• **TASK DIRECTIONS**: Without any pictures, print exactly the lines that run from the start of the data through the line containing "06 stojak na rowery".

INFORMATION GIVEN: Begin

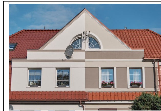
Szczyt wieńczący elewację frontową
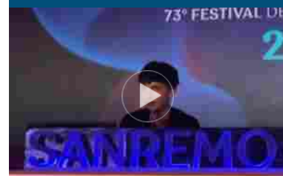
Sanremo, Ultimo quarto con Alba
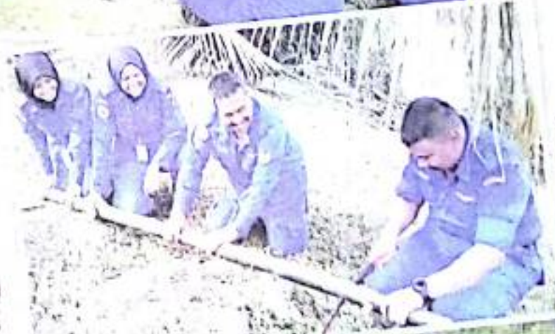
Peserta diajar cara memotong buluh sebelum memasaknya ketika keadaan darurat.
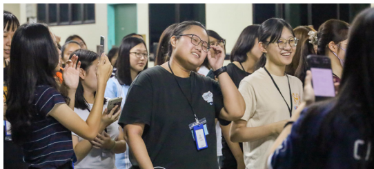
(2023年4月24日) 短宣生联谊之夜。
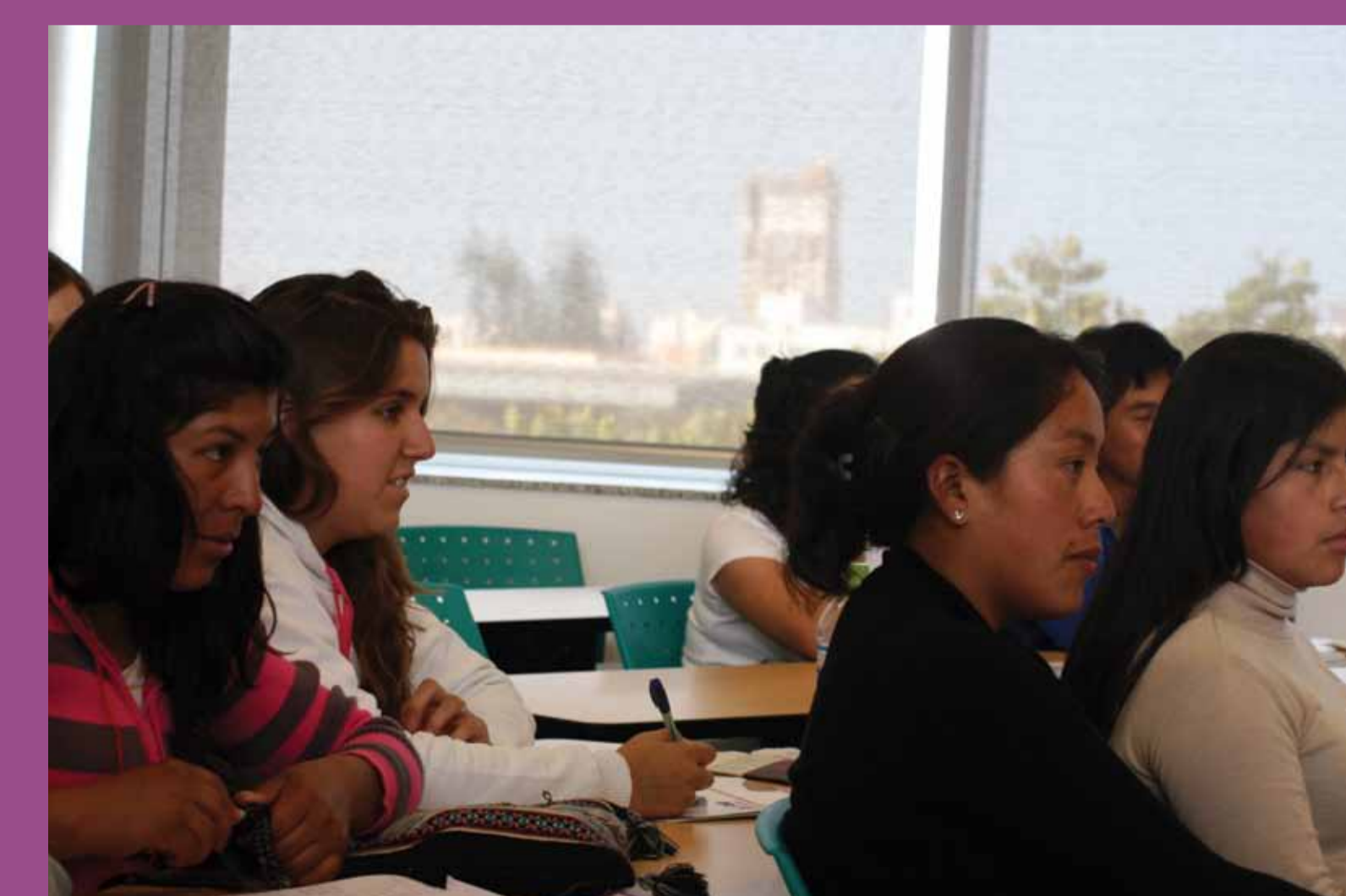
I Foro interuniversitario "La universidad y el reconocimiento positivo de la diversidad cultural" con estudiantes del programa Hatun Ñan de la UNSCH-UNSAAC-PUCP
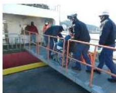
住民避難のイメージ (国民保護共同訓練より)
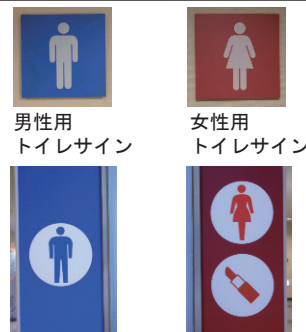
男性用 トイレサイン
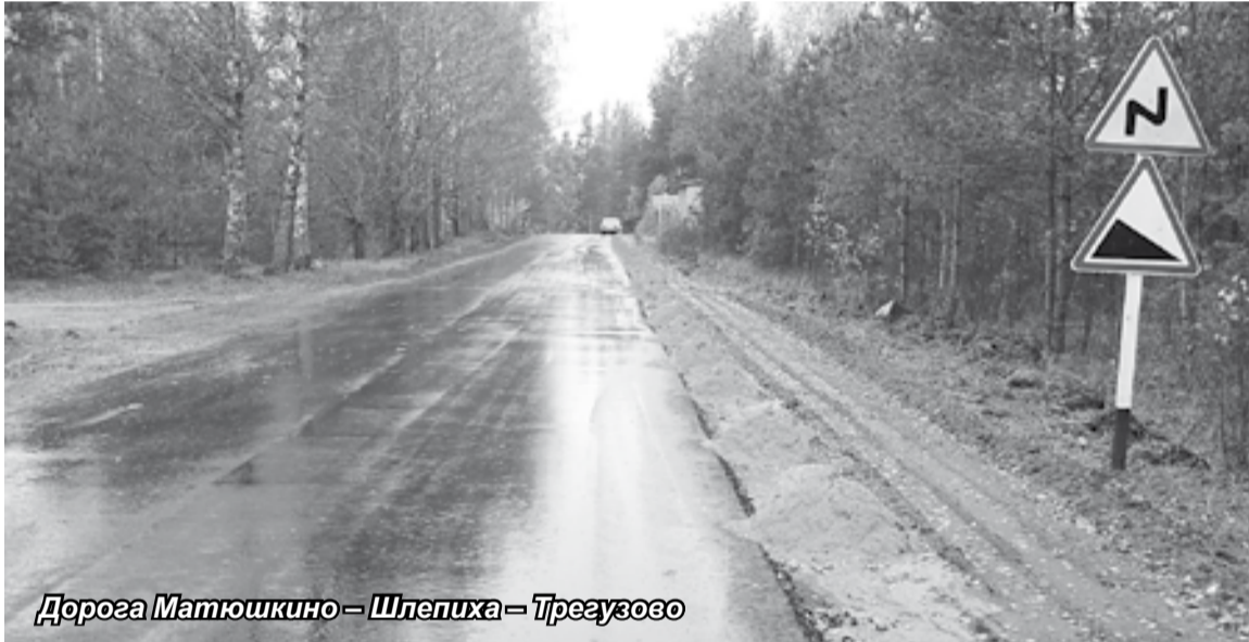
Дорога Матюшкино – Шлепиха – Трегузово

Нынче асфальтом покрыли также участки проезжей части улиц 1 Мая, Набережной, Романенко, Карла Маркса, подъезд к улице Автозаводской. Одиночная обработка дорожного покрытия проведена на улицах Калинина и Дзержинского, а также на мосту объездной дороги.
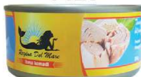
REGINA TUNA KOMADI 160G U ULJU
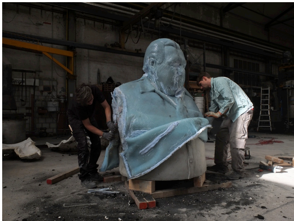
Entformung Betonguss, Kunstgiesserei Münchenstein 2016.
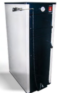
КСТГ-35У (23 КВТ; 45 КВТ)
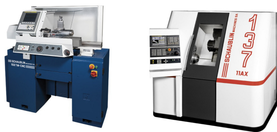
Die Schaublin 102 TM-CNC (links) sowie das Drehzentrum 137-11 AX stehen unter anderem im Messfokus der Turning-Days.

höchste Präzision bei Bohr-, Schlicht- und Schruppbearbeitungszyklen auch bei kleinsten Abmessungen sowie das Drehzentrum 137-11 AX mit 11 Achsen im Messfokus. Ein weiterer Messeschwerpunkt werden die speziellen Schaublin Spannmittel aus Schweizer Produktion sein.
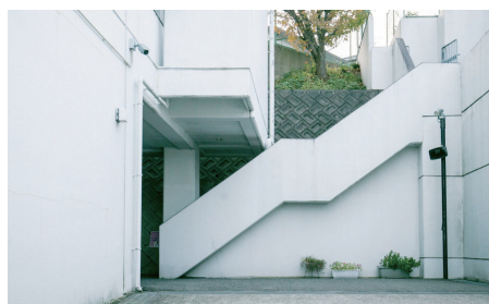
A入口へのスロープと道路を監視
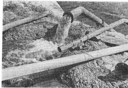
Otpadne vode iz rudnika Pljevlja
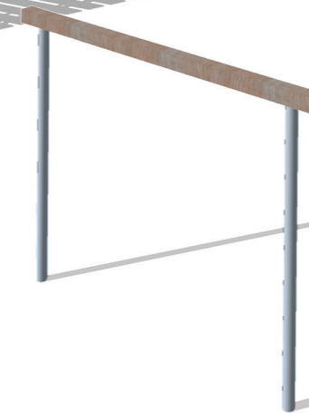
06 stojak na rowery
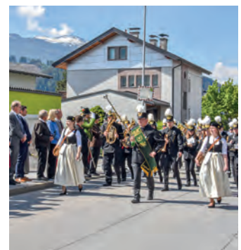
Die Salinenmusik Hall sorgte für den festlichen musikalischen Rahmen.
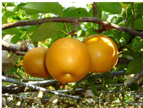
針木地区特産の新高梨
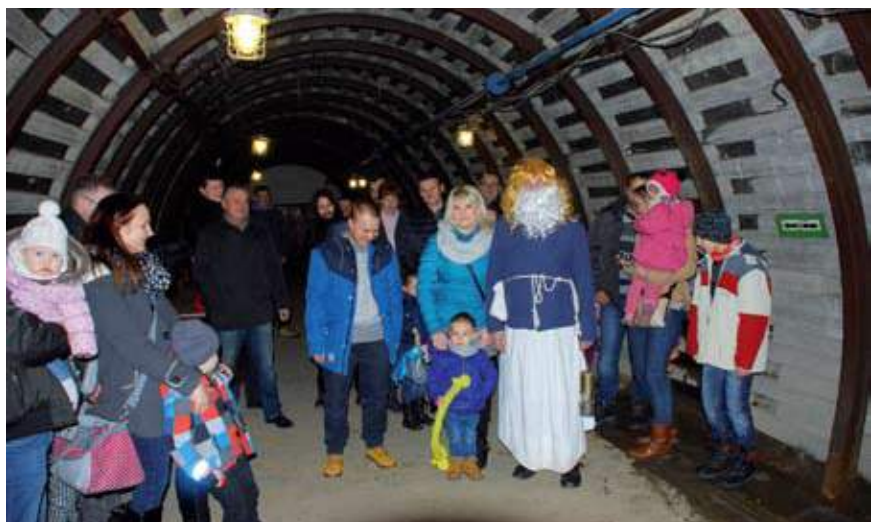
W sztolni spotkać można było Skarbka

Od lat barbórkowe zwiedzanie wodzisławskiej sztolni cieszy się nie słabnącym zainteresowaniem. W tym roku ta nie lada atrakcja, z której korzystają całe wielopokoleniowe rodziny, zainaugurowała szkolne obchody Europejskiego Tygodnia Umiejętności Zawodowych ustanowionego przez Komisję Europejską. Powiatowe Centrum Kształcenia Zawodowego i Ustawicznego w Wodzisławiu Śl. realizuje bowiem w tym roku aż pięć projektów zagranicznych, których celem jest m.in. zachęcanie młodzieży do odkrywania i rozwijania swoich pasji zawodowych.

INFORMATION GIVEN: End

• **SOLUTION FOR THIS TASK**:
Szczyt wieńczący elewację frontową
Sanremo, Ultimo quarto con Alba
Peserta diajar cara memotong buluh sebelum memasaknya ketika keadaan darurat.
(2023年4月24日) 短宣生联谊之夜。
I Foro interuniversitario "La universidad y el reconocimiento positivo de la diversidad cultural" con estudiantes del programa Hatun Ñan de la UNSCH-UNSAAC-PUCP
住民避難のイメージ (国民保護共同訓練より)
男性用 トイレサイン
Дорога Матюшкино – Шлепиха – Трегузово

Нынче асфальтом покрыли также участки проезжей части улиц 1 Мая, Набережной, Романенко, Карла Маркса, подъезд к улице Автозаводской. Одиночная обработка дорожного покрытия проведена на улицах Калинина и Дзержинского, а также на мосту объездной дороги.
REGINA TUNA KOMADI 160G U ULJU
Entformung Betonguss, Kunstgiesserei Münchenstein 2016.
КСТГ-35У (23 КВТ; 45 КВТ)
Die Schaublin 102 TM-CNC (links) sowie das Drehzentrum 137-11 AX stehen unter anderem im Messfokus der Turning-Days.

höchste Präzision bei Bohr-, Schlicht- und Schruppbearbeitungszyklen auch bei kleinsten Abmessungen sowie das Drehzentrum 137-11 AX mit 11 Achsen im Messfokus. Ein weiterer Messeschwerpunkt werden die speziellen Schaublin Spannmittel aus Schweizer Produktion sein.
A入口へのスロープと道路を監視
Otpadne vode iz rudnika Pljevlja
06 stojak na rowery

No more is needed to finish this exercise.